**What you have to do**
Directions for the data below: repeat exactly the lines from the one with "Elegant anpassad rund" through the one with "Круглые гладкие бусины", both included, and omit all pictures.

**Exercise input**
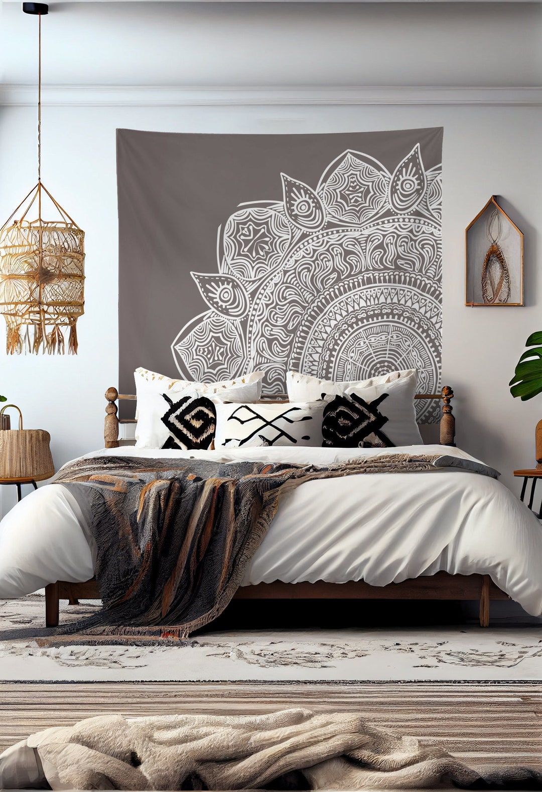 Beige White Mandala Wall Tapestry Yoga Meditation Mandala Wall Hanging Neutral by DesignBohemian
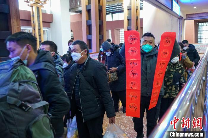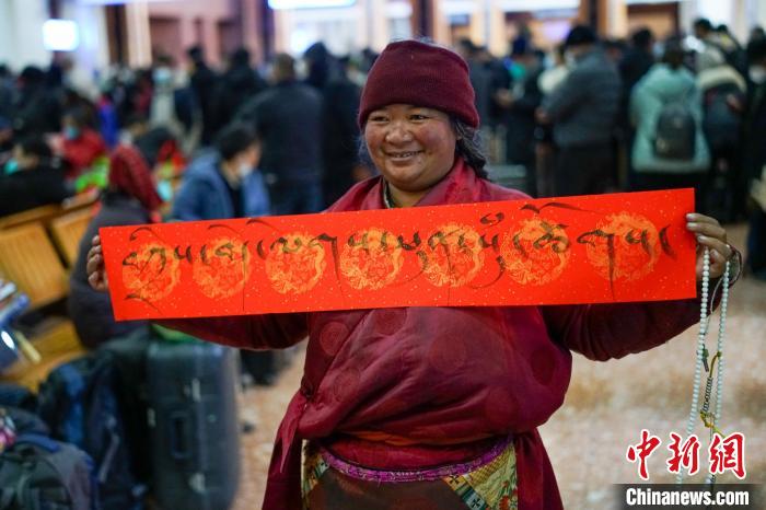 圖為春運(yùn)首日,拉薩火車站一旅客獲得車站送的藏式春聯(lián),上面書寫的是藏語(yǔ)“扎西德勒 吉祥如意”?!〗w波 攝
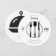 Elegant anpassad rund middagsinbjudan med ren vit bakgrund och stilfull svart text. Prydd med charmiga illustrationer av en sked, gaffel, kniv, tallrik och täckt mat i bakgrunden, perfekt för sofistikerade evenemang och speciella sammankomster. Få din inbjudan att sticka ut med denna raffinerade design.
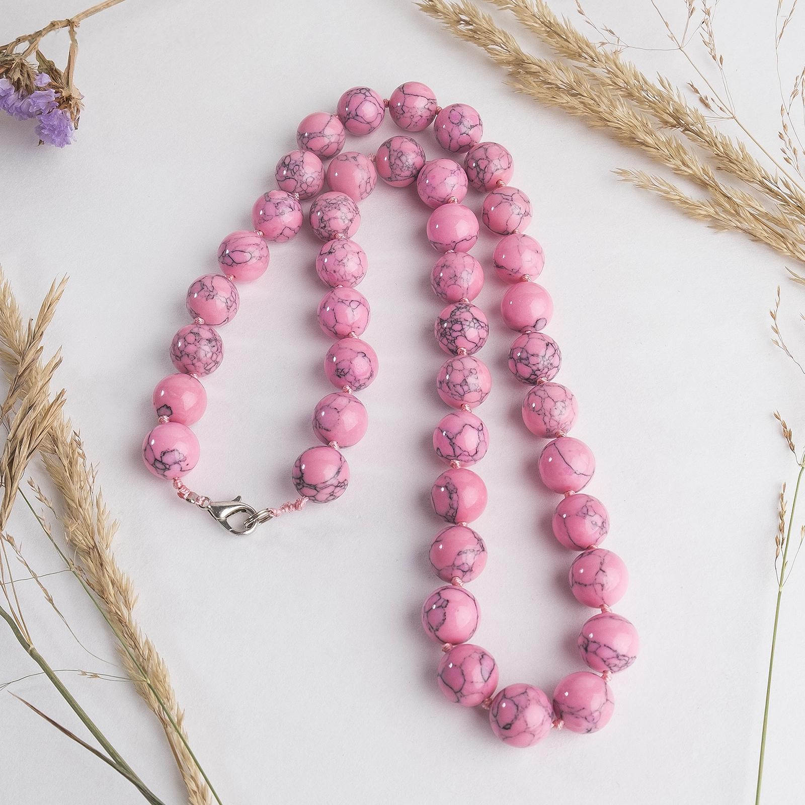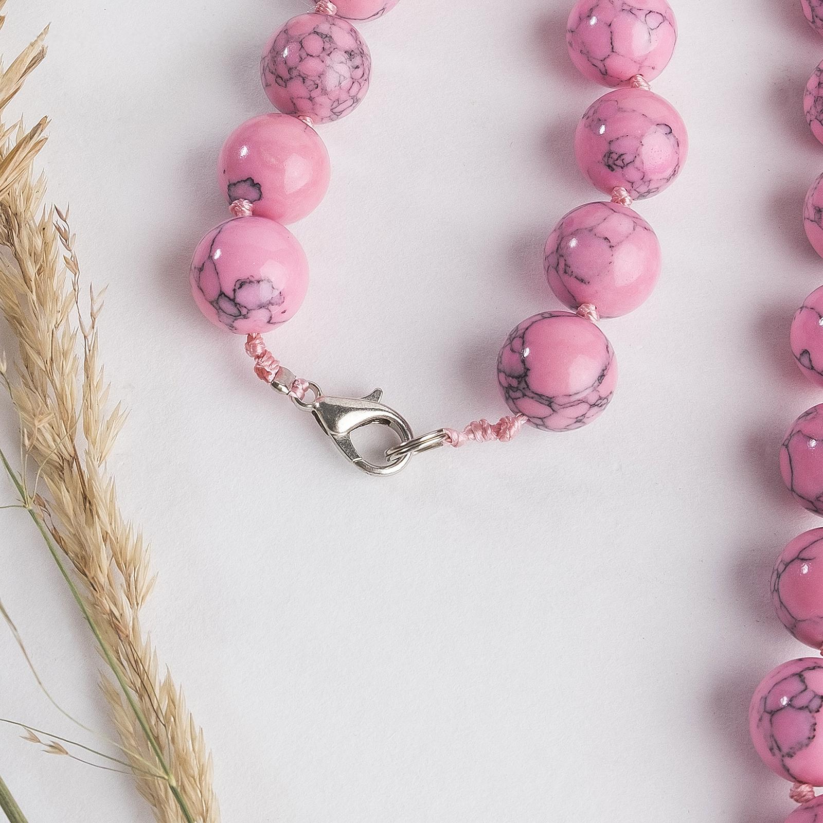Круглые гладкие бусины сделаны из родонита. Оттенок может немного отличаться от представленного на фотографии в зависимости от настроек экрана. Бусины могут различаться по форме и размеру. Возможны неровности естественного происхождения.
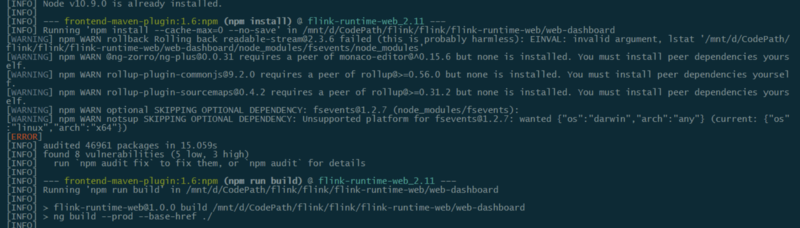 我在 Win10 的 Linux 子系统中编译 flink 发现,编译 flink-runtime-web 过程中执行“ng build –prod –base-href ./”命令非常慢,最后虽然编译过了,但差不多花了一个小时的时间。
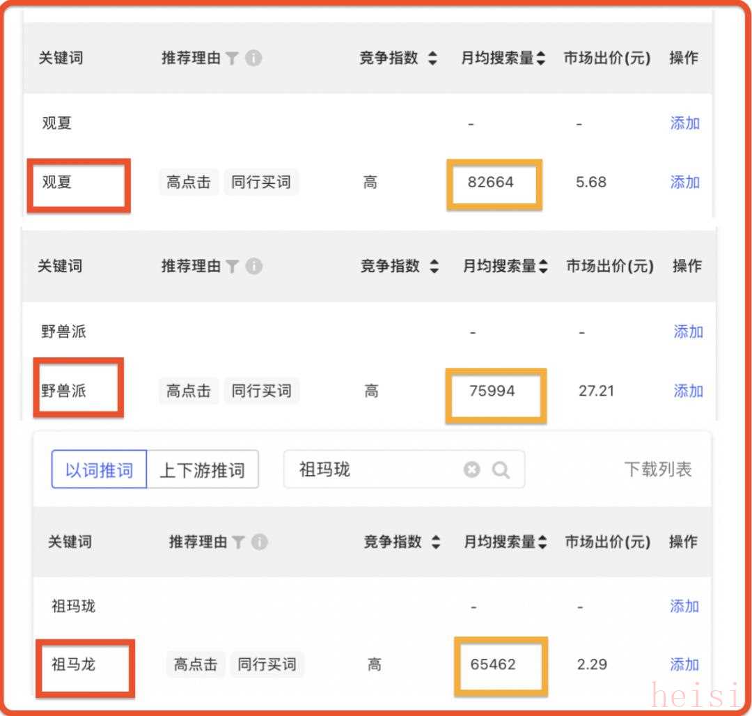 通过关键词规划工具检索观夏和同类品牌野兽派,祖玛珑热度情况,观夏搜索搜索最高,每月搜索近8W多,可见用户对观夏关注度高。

**Solution below**
 Elegant anpassad rund middagsinbjudan med ren vit bakgrund och stilfull svart text. Prydd med charmiga illustrationer av en sked, gaffel, kniv, tallrik och täckt mat i bakgrunden, perfekt för sofistikerade evenemang och speciella sammankomster. Få din inbjudan att sticka ut med denna raffinerade design.
Круглые гладкие бусины сделаны из родонита. Оттенок может немного отличаться от представленного на фотографии в зависимости от настроек экрана. Бусины могут различаться по форме и размеру. Возможны неровности естественного происхождения.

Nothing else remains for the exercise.